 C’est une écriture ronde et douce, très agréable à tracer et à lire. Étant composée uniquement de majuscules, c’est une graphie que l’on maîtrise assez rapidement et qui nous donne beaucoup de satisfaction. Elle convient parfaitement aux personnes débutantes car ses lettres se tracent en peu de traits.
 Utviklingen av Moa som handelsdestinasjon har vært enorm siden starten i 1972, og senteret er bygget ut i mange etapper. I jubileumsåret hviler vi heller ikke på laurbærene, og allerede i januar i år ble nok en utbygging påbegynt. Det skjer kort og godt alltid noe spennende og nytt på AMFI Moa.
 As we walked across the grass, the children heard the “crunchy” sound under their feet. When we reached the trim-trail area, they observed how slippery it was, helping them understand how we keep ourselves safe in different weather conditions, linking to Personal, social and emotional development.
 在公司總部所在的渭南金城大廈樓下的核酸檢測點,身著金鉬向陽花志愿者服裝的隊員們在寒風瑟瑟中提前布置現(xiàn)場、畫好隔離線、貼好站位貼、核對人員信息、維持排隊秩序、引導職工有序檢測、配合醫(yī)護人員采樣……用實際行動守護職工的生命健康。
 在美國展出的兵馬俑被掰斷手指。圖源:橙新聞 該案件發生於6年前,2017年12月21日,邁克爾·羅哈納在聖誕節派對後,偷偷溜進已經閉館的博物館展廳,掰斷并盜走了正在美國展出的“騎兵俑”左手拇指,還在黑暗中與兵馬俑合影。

......

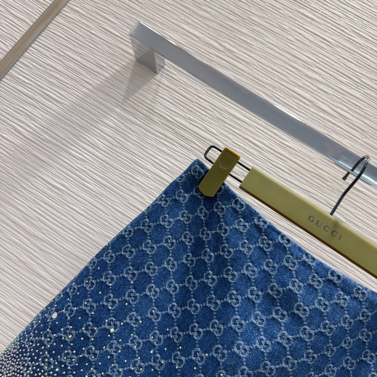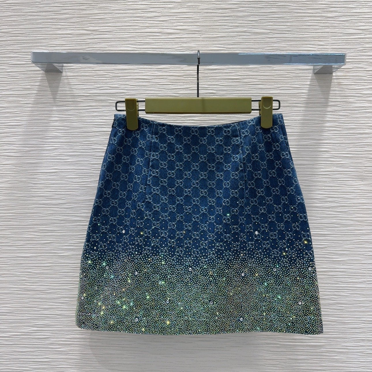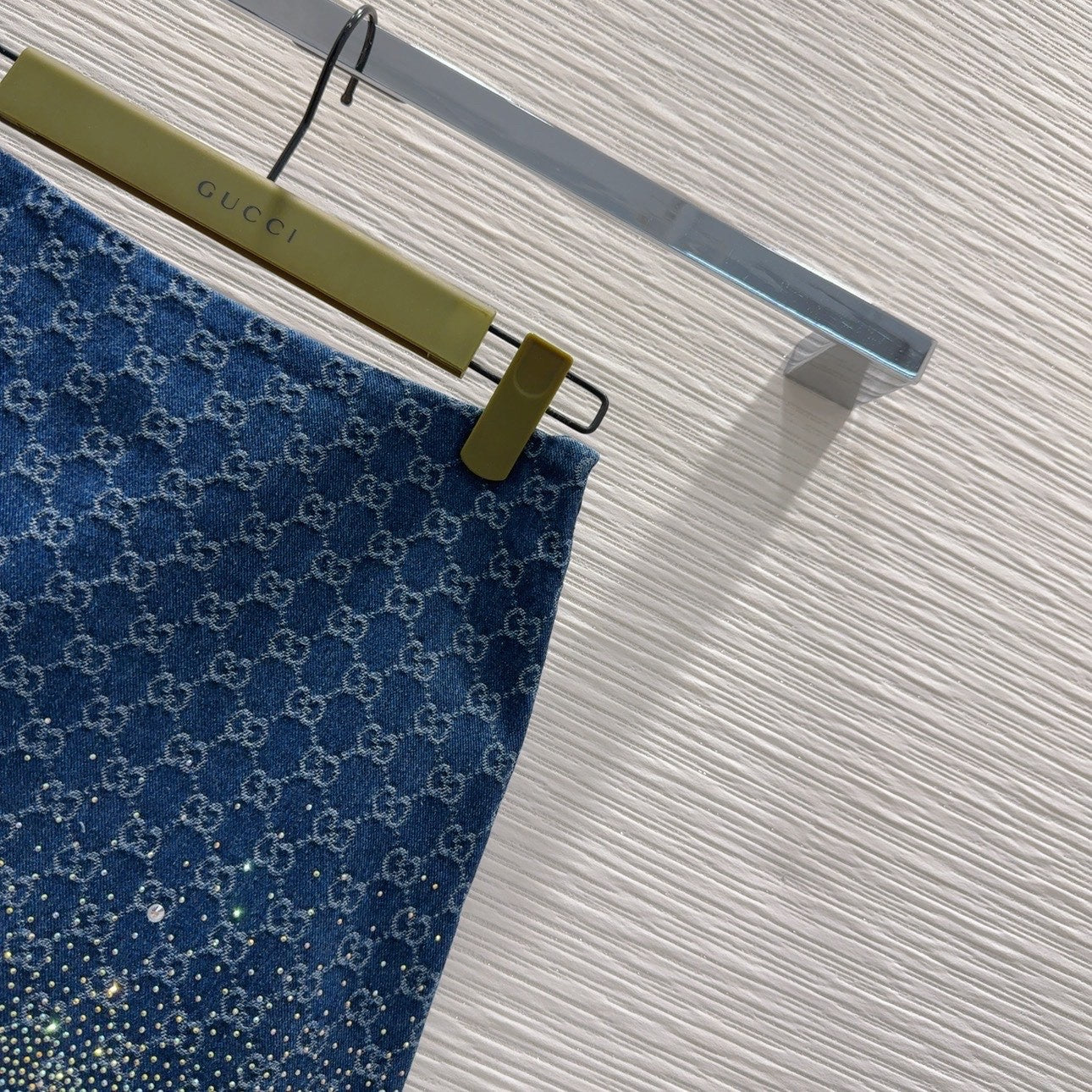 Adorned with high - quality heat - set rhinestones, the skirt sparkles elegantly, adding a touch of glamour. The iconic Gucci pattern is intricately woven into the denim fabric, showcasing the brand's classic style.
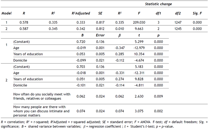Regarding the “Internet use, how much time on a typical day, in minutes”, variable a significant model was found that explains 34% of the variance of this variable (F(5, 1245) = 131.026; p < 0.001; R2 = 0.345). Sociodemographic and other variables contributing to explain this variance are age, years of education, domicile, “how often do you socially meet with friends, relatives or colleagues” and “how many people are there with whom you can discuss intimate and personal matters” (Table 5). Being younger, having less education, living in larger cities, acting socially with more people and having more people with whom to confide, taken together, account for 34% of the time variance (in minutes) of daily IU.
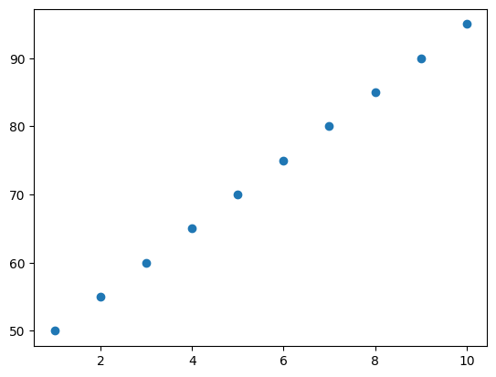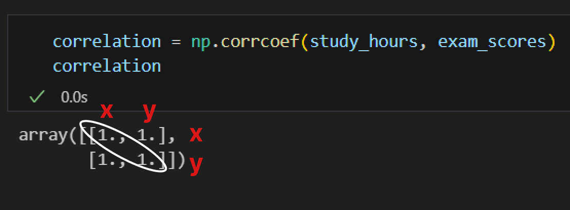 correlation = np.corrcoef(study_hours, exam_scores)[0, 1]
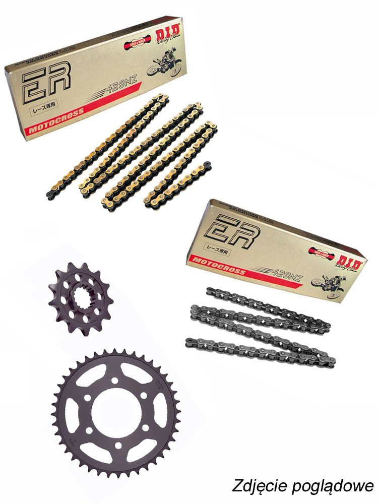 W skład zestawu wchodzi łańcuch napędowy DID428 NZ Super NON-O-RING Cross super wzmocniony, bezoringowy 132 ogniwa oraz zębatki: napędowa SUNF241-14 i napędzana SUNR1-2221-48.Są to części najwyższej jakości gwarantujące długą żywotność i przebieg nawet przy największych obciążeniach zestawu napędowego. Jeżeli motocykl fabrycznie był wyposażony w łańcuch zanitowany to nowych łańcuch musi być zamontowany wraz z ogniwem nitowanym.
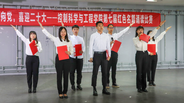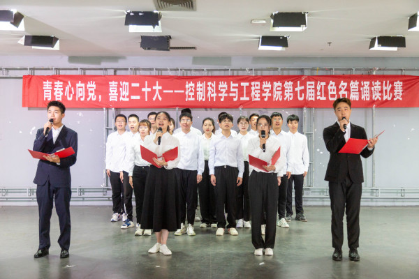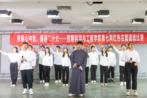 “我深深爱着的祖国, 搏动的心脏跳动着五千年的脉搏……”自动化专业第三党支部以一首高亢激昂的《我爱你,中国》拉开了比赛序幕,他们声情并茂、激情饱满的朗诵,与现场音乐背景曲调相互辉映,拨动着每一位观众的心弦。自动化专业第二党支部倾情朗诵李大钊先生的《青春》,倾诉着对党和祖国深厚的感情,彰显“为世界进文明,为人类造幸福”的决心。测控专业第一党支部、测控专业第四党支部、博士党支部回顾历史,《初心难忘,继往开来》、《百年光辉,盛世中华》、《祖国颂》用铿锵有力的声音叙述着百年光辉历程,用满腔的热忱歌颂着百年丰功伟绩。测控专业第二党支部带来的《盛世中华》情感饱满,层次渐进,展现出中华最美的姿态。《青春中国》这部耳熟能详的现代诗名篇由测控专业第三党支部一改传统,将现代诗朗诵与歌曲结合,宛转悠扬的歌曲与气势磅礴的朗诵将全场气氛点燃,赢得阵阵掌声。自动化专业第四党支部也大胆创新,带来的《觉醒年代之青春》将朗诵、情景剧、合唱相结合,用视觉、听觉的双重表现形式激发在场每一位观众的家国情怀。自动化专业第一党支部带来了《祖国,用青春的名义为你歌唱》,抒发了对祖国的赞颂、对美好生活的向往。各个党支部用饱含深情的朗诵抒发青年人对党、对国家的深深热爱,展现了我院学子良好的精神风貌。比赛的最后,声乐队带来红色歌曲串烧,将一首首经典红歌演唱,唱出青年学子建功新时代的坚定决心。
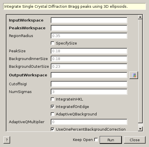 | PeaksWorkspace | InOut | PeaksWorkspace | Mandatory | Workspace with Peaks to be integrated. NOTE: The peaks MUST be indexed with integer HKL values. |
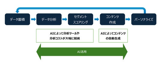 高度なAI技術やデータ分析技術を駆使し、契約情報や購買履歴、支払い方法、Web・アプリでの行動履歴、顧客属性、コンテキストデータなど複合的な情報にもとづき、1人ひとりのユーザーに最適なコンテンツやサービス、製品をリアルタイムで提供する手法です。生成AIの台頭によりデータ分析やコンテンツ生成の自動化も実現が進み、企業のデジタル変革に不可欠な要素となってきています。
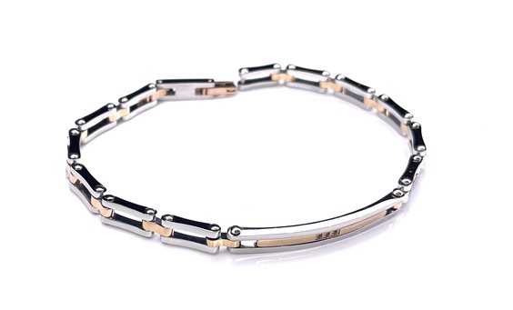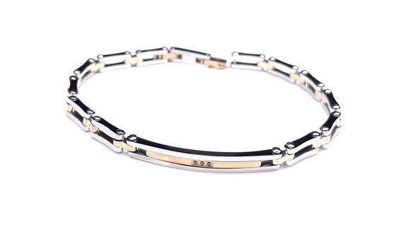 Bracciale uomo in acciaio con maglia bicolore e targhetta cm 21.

......

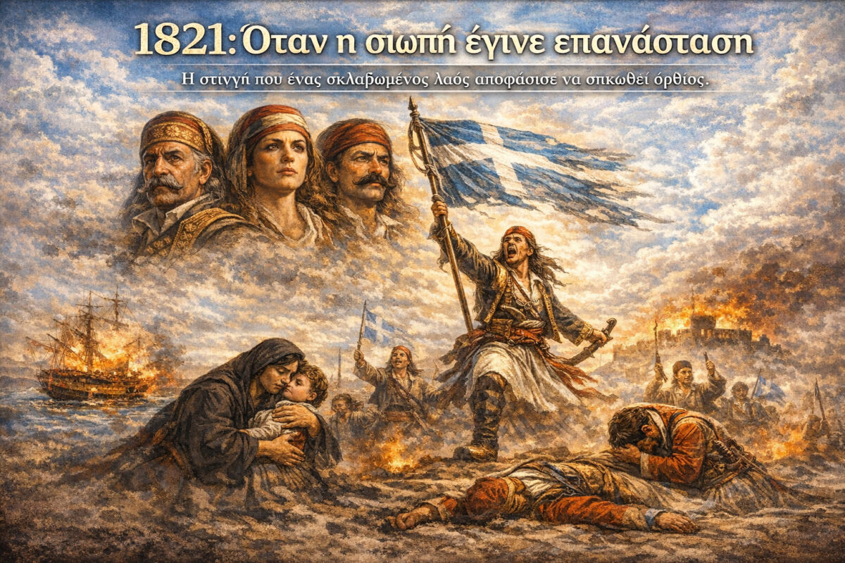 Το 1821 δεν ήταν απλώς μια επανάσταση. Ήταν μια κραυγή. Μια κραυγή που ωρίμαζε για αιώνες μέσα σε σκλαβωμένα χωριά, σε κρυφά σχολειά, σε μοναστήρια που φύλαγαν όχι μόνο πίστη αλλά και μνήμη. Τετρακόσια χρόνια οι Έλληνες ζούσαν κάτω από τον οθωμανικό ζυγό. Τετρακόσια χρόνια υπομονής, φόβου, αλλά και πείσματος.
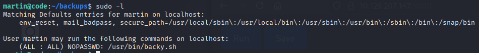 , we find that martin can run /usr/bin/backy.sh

......

Activity | What you return from the records above should be exactly everything from the line with "Το 1821 δεν" down to the line with "can run /usr/bin/backy.sh", both kept, and no pictures.

Finished task |
 Το 1821 δεν ήταν απλώς μια επανάσταση. Ήταν μια κραυγή. Μια κραυγή που ωρίμαζε για αιώνες μέσα σε σκλαβωμένα χωριά, σε κρυφά σχολειά, σε μοναστήρια που φύλαγαν όχι μόνο πίστη αλλά και μνήμη. Τετρακόσια χρόνια οι Έλληνες ζούσαν κάτω από τον οθωμανικό ζυγό. Τετρακόσια χρόνια υπομονής, φόβου, αλλά και πείσματος.
 , we find that martin can run /usr/bin/backy.sh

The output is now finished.